The aim of our newest project, Mirador, is to provide users with tools that illuminate the broader context of the topic of a single web page. It explores fundamental questions about how controversy can be modeled computationally so that it can be recognized “in the wild.” Also, the model allows an algorithm to extract an explanation of the nature of the controversy. This work will also apply and extend text analysis and comparison techniques.

We are not working specifically to recognize “fake news,” although much of the “fake” material is probably contentious and may indeed be flagged by the algorithms, but instead our goal is to assist people in their critical evaluation of the material and to help them understand why a page is educative or why it is not. Our hope is that they will recognize that a larger discussion is often involved and learn to critically evaluate information in the larger context, both online and offline.

Another project I am working on is a new search-based approach to the NLP challenge of information extraction. SearchIE is intended to allow personalized, situational identification of types (usually entities) in text, types that are of limited or ephemeral interest, for which it is unlikely resources will be available for massive annotation and learning efforts.
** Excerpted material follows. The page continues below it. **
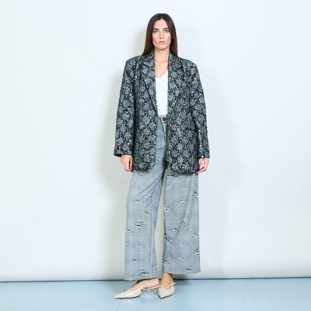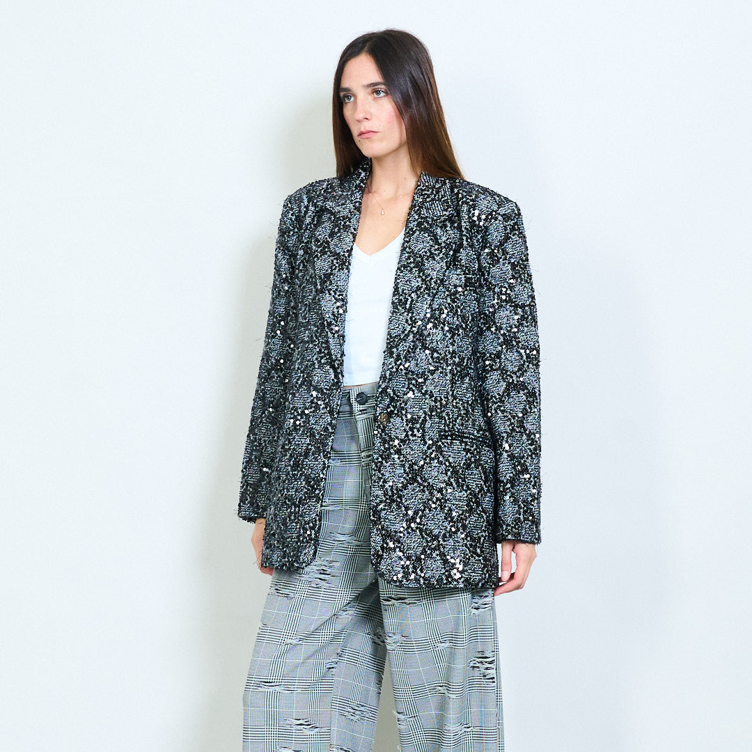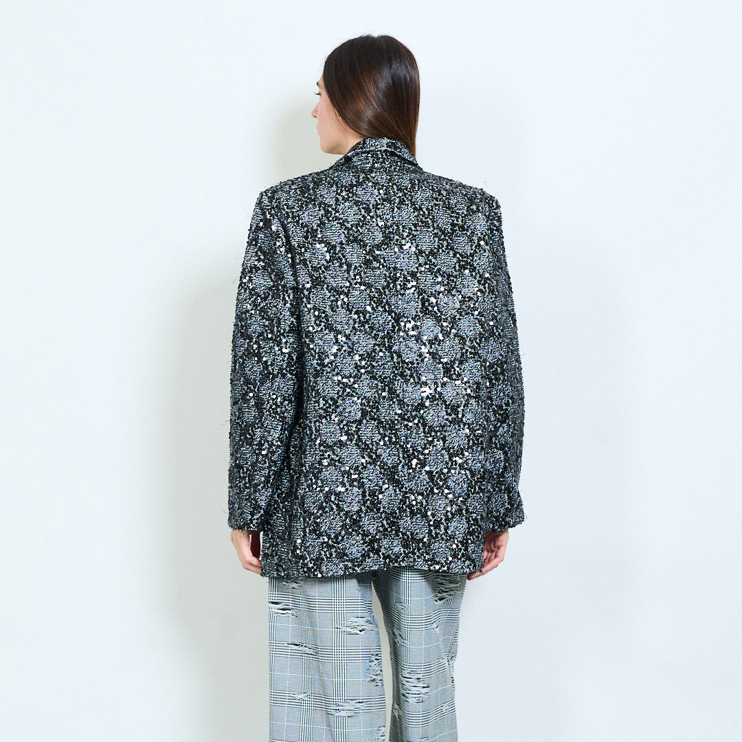 Blazer de efeito de tweed metálico com detalhe de lantejoulas por atacado

The key advantage of SearchIE is that it defers decisions about which types should be identified until the decisions are needed. That allows new types to be searched and extracted at any point and allows types that are specific to a narrow or short-term information need to be identified and extracted, even if they are not of use to all users of the system. Previously, it has been effectively impossible to identify entities automatically unless a substantial effort went into annotating training data. The SearchIE approach makes it possible for someone to build personalized extractors contextualized by their topical interest. Since online information gathering almost always starts with search and frequently involves identifying items of interest in the found text, bringing these two together has the potential to change both search and the found text substantially.

My roles as chair and researcher overlap when faced with the problem of how to broaden participation in IR. While a little more than one third of Ph.D. students in the Center for Intelligent Information Retrieval are women, a lot of work needs to be done to attract and retain women and underrepresented minorities in IR research as well as information and computer sciences more broadly. My hope is that the faculty advancement model I’m helping to develop through UMass Amherst’s NSF ADVANCE project will help to bring a more diverse set of perspectives to our field.

About the Author
James Allan is a professor and chair of the faculty in the University of Massachusetts Amherst College of Information and Computer Sciences (CICS), which he joined in 1994 after receiving a Ph.D. in computer science from Cornell University. He is also the co-director of the Center for Intelligent Information Retrieval within CICS.

Allan has served on the organizing and program committees for major conferences, including the ACM Special Interest Group on Information Retrieval (SIGIR), Conference on Information and Knowledge Management (CIKM), and Web Search and Data Mining (WSDM). He currently serves on the editorial board of Foundation and Trends in Information Retrieval, and is a past associate editor for ACM’s Transactions on Information Systems and Elsevier’s Information Processing and Management journals. With his students, he received Best Paper awards from SIGIR as well as a Best Student Paper at the Conference on Human Information Interaction and Retrieval (CHIIR). He also received a SIGIR Test of Time Award in 2016 for a paper on event detection and tracking.